WHAT YOU HAVE TO DO
Print only the lines below from the one with "не менее 90" to the one with "Banarasi katan tissue", both included, exactly as they stand. Leave pictures out.

EXCERPTED DATA
►

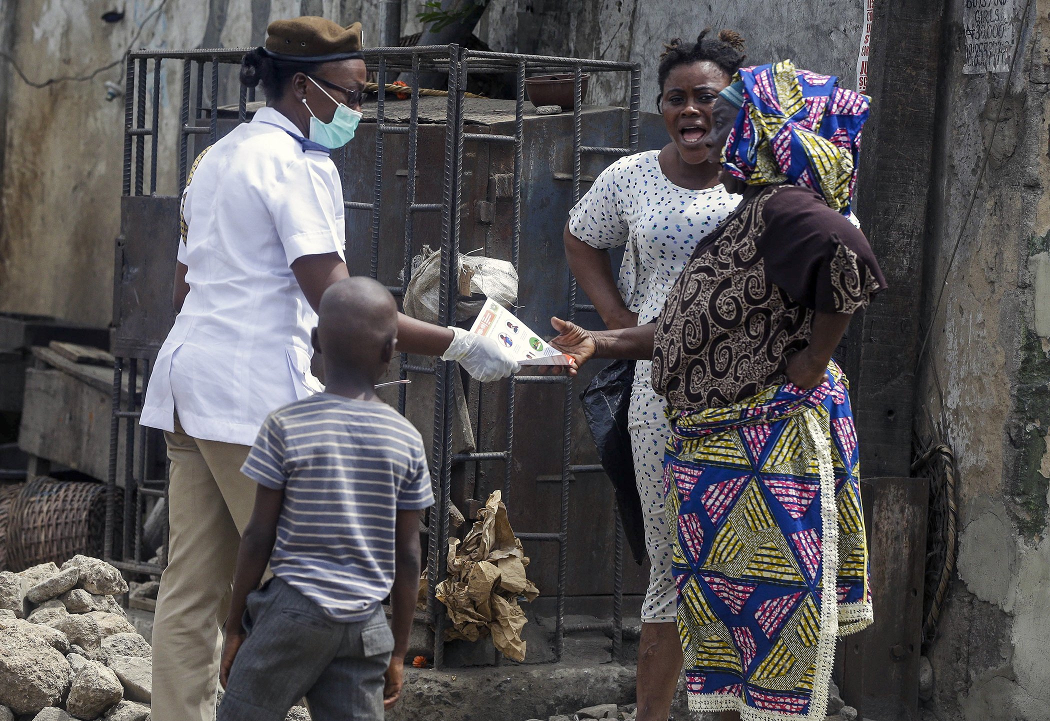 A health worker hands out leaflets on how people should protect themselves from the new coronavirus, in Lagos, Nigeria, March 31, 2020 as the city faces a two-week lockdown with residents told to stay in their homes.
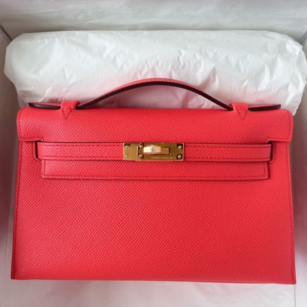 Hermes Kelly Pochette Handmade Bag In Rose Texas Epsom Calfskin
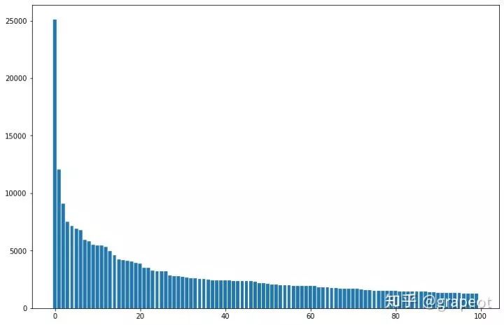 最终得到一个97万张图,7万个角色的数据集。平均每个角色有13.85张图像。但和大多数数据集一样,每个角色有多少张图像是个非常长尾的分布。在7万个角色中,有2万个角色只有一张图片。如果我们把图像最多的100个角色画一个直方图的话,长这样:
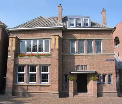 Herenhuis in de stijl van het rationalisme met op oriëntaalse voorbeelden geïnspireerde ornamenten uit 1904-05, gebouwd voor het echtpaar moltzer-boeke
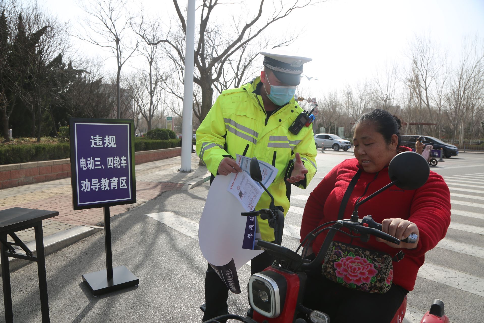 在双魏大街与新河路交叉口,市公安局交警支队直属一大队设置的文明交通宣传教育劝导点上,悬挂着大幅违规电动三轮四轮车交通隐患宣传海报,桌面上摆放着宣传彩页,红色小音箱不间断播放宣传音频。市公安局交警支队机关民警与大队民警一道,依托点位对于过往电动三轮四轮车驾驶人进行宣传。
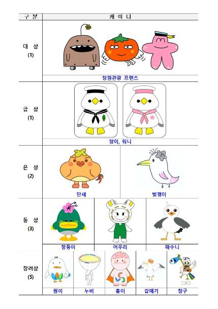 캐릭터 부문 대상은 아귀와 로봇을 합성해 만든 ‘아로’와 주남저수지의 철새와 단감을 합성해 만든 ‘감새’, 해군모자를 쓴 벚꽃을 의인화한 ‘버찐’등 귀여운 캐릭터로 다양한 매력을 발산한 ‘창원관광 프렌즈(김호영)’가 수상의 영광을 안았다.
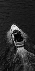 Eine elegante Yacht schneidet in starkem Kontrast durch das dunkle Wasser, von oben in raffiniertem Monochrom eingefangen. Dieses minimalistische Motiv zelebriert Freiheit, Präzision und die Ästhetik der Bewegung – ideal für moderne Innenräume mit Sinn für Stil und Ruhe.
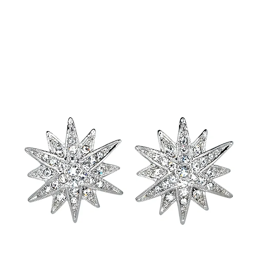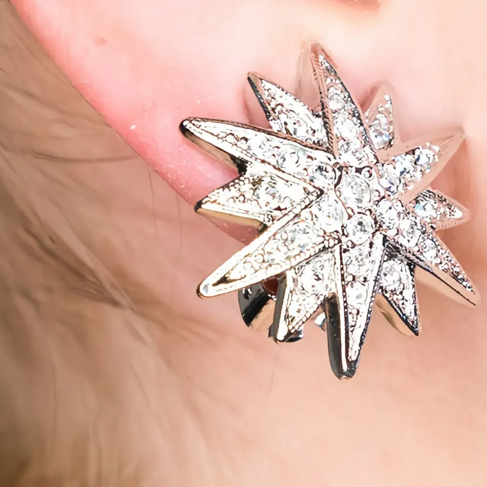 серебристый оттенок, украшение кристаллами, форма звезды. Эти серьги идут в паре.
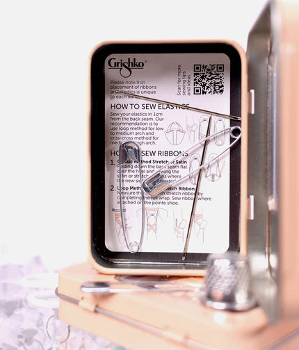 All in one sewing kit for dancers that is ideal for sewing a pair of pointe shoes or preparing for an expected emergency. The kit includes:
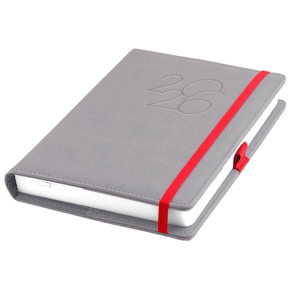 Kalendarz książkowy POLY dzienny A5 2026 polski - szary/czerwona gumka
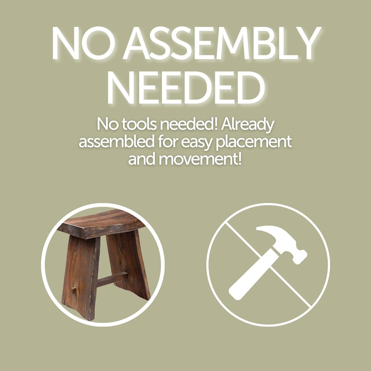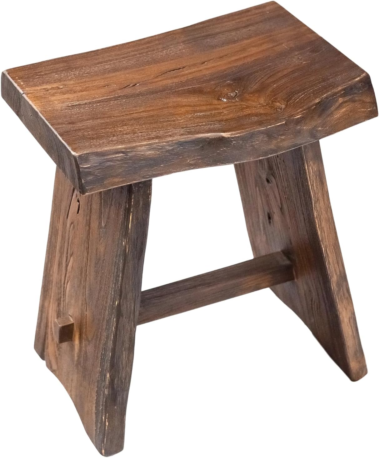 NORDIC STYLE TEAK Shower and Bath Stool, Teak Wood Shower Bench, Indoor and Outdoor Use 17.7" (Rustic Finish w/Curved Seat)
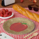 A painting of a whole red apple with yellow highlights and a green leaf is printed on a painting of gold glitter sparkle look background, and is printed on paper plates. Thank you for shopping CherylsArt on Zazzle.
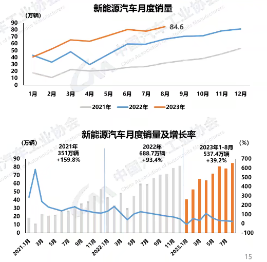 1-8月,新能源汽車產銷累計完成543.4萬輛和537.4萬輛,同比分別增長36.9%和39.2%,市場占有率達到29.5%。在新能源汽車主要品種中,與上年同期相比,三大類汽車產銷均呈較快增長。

◄
►

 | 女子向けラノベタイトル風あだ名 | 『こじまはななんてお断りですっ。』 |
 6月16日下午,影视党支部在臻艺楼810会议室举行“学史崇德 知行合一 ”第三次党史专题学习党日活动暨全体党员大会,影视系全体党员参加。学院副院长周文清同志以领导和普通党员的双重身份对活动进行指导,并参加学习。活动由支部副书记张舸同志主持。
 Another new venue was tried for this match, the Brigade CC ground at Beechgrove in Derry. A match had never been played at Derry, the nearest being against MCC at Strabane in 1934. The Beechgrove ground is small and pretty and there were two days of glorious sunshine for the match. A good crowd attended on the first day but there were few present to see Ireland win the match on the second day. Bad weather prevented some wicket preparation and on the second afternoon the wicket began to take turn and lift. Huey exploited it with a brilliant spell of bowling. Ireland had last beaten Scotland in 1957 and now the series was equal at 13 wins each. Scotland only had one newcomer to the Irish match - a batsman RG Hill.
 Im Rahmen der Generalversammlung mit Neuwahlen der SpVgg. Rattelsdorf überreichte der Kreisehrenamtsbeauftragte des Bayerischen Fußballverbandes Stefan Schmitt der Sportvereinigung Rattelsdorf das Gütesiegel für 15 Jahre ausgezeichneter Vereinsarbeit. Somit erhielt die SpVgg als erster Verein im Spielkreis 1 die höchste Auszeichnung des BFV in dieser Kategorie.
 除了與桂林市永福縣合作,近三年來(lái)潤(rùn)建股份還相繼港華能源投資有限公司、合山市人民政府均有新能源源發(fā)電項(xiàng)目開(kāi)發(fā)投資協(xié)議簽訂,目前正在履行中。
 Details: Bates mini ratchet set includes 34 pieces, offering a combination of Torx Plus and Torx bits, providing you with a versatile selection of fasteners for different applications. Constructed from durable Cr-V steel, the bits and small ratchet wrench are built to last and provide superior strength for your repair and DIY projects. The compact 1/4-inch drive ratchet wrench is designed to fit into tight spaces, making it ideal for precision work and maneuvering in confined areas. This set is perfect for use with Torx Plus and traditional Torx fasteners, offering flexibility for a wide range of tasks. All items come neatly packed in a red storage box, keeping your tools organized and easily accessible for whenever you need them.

◄
►

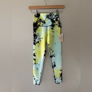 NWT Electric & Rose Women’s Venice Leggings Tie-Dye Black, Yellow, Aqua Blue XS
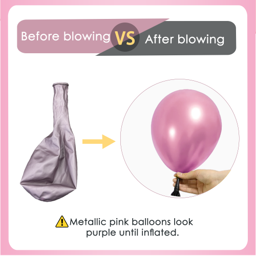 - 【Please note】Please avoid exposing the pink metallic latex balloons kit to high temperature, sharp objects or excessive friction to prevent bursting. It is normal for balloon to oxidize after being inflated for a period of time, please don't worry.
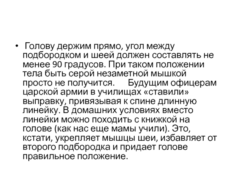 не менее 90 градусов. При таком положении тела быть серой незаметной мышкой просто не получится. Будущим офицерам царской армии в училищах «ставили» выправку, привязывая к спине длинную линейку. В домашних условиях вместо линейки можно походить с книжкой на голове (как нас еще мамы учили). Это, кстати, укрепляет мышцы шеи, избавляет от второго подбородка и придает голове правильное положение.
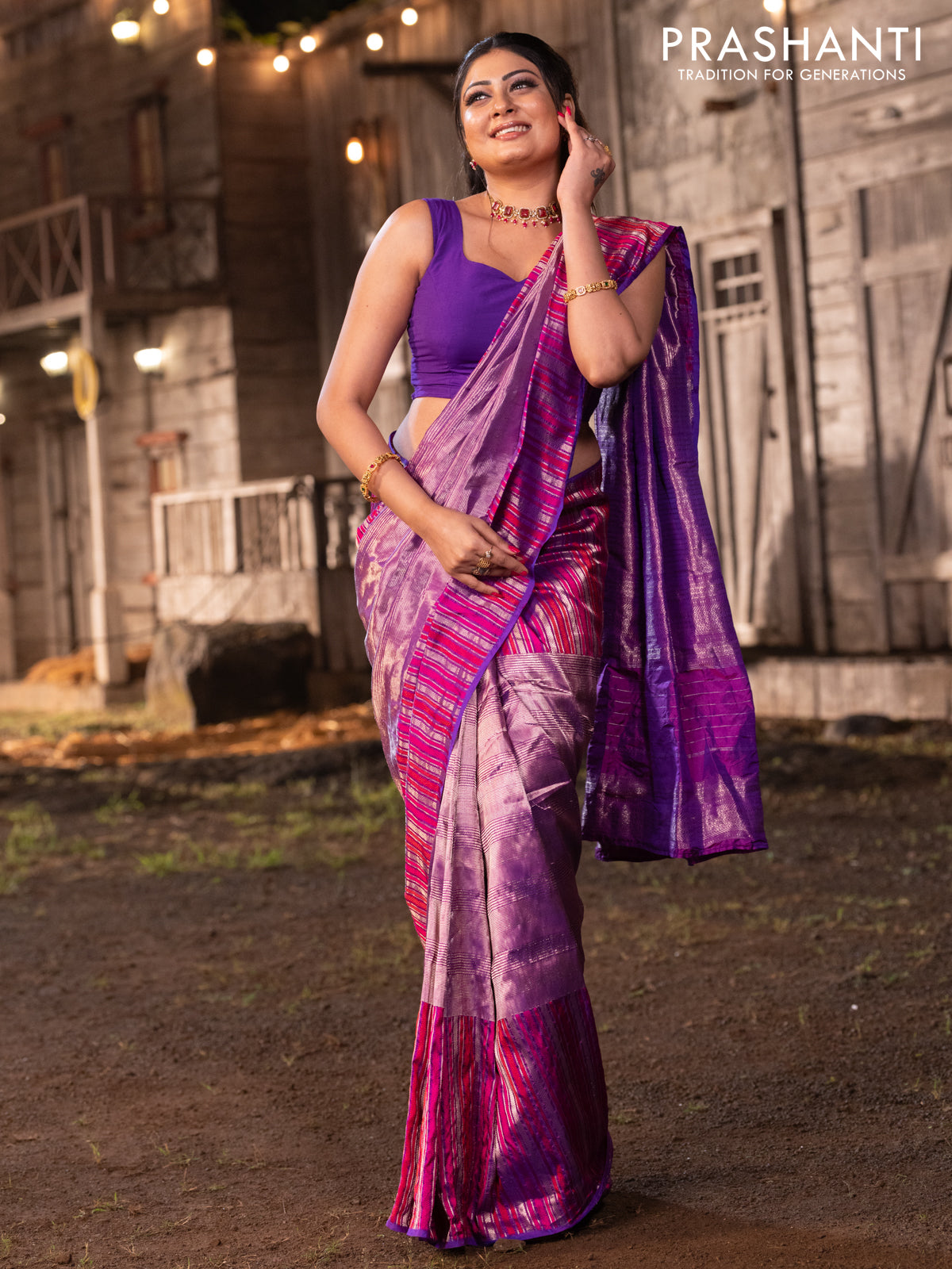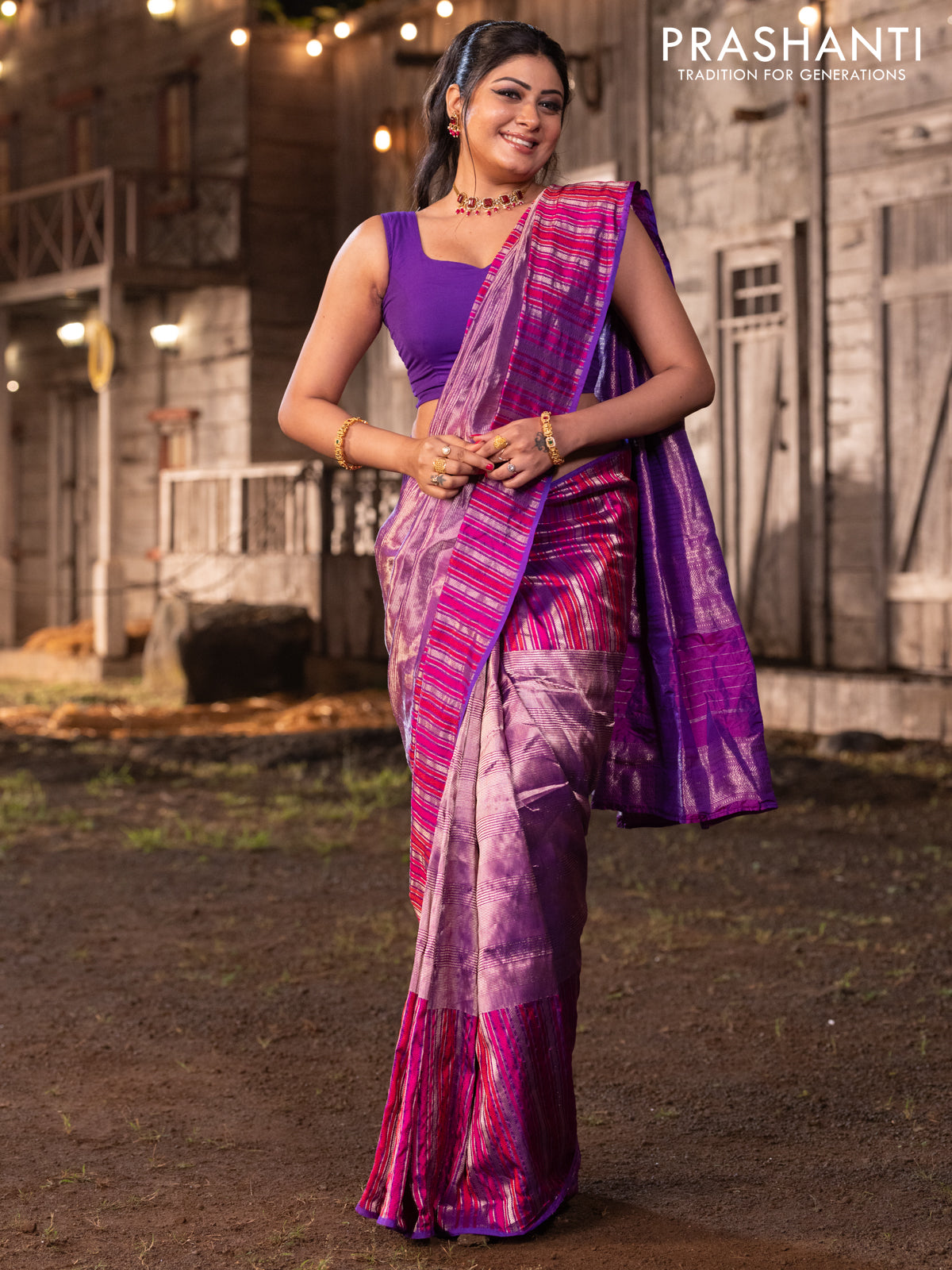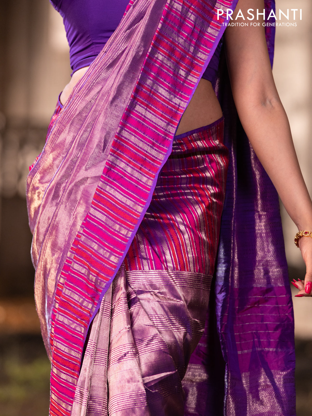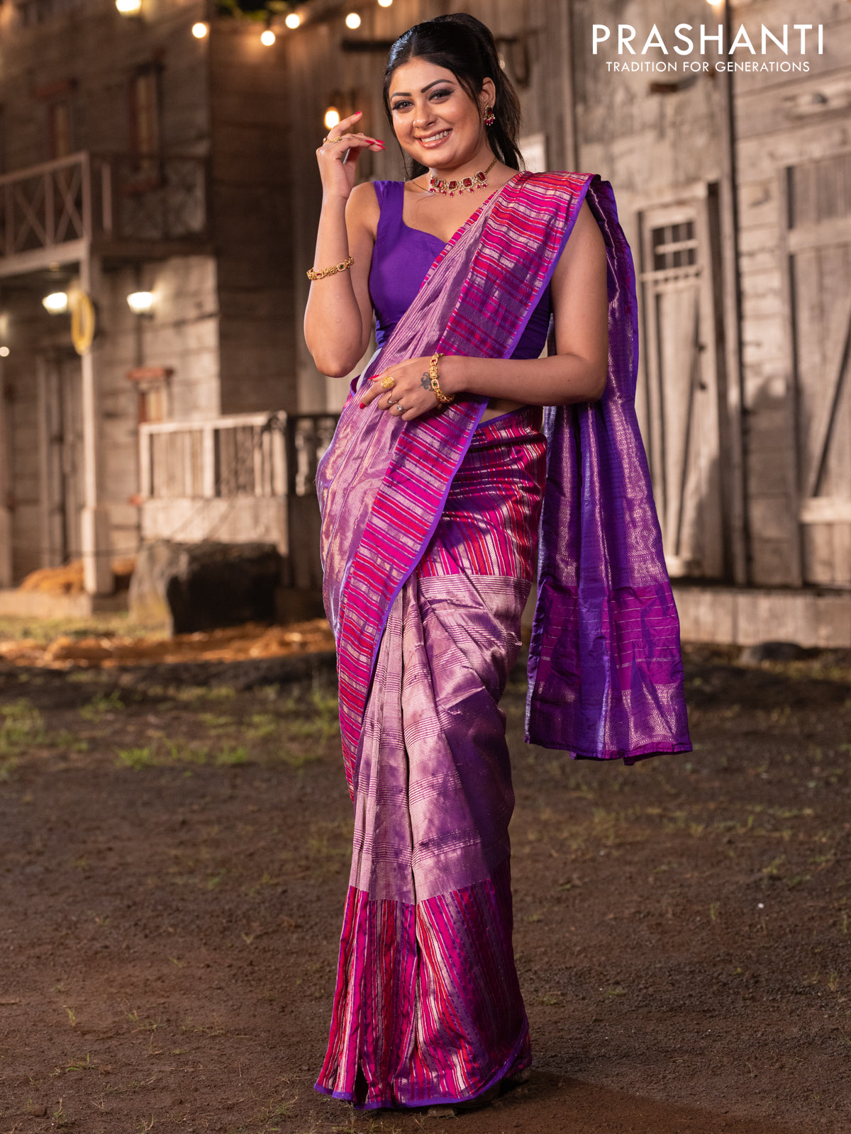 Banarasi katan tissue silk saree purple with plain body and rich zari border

◄

ANSWER SECTION
 не менее 90 градусов. При таком положении тела быть серой незаметной мышкой просто не получится. Будущим офицерам царской армии в училищах «ставили» выправку, привязывая к спине длинную линейку. В домашних условиях вместо линейки можно походить с книжкой на голове (как нас еще мамы учили). Это, кстати, укрепляет мышцы шеи, избавляет от второго подбородка и придает голове правильное положение.
 Banarasi katan tissue silk saree purple with plain body and rich zari border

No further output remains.